À Genève, les socialistes du Temple-Unique étaient toujours les alliés du parti radical, et un petit incident qui se passa dans le courant de mars en donna une nouvelle preuve. Un avocat radical, M. Amberny, était venu offrir ses services au Comité cantonal de l’Internationale, qui les avait acceptés ; un marché avait été conclu : M. Amberny poserait sa candidature au Grand-Conseil, et les Comités feraient voter pour lui les ouvriers-électeurs. Or, les ouvriers du bâtiment, mécontents de leurs salaires, que les patrons avaient abaissés, songeaient justement à préparer une grève pour obtenir une augmentation. Mais une grève à ce moment n’eût pas fait les affaires de la candidature de M. Amberny ; donc le Comité cantonal décida que la grève, étant inopportune, n’aurait pas lieu. Et le Journal de Genève ayant annoncé tout de même que les ouvriers du bâtiment projetaient de se mettre en grève, M. Amberny protesta contre cette fausse nouvelle par une lettre qui parut le 15 mars, et où il disait :

« J’affirme, d’après des renseignements certains, et en vertu d’une autorisation expresse, qu’aucune grève n’a été décrétée pour le canton de Genève, que le projet n’en a pas même été conçu, et qu’enfin l’Internationale n’arrêtera aucune mesure semblable dans notre canton en 1872. S’il fallait une sanction à cette affirmation absolue, j’ajouterais que je m’impose d’avance une amende de mille francs, à verser à l’hôpital cantonal, si l’Association internationale décrète, cette année, une grève générale ou même partielle à Genève. »

Le Bulletin, dans son n° 4 (20 mars), releva vertement cet étrange langage :


Qu’est-ce que c’est que cette plaisanterie ? Qui est ce Monsieur Amberny, avocat genevois, qui vient parler au nom de l’Internationale, et qui déclare solennellement que l’Internationale ne décrétera pas de grèves cette année ?... Nous déclarons, pour nous, que M. Amberny n’a pas été autorisé par l’Internationale à parler en son nom ; que si telle ou telle personnalité lui a donné une autorisation pareille, elle n’en avait pas le droit... La Fédération jurassienne, qui a une Section à Genève, inflige donc un désaveu public à M. Amberny. Si la Fédération romande, plus particulièrement intéressée dans cette question, n’en fait pas autant de son côté, tant pis pour elle.

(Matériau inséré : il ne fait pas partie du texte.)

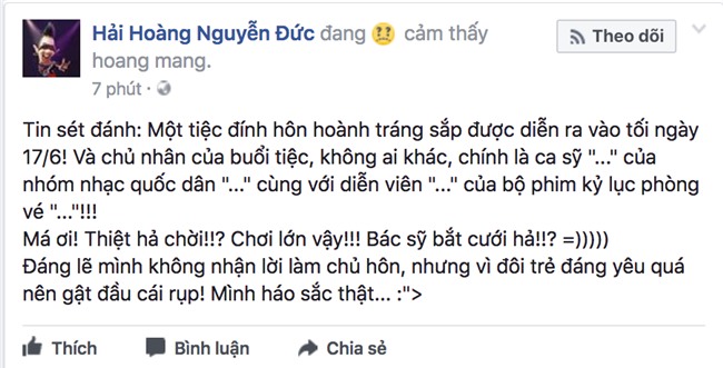 Mới đây trên trang cá nhân, MC Hoàng

  1. Par l’intermédiaire de Gustave Jeanneret (voir p. 172).
  2. À propos de la reproduction dans le Bulletin de cet article de Lanjalley, Engels et Lafargue prétendirent que la circulaire de Sonvillier « fut envoyée par les hommes de l’Allliance à tous les journaux radicaux », et que « la République française de M. Gambetta s’empressa de reconnaître leurs services par un article plein d’encouragements pour les jurassiens et d’attaques contre la Conférence de Londres » (L’alliance de la démocratie socialiste, etc., p. 27).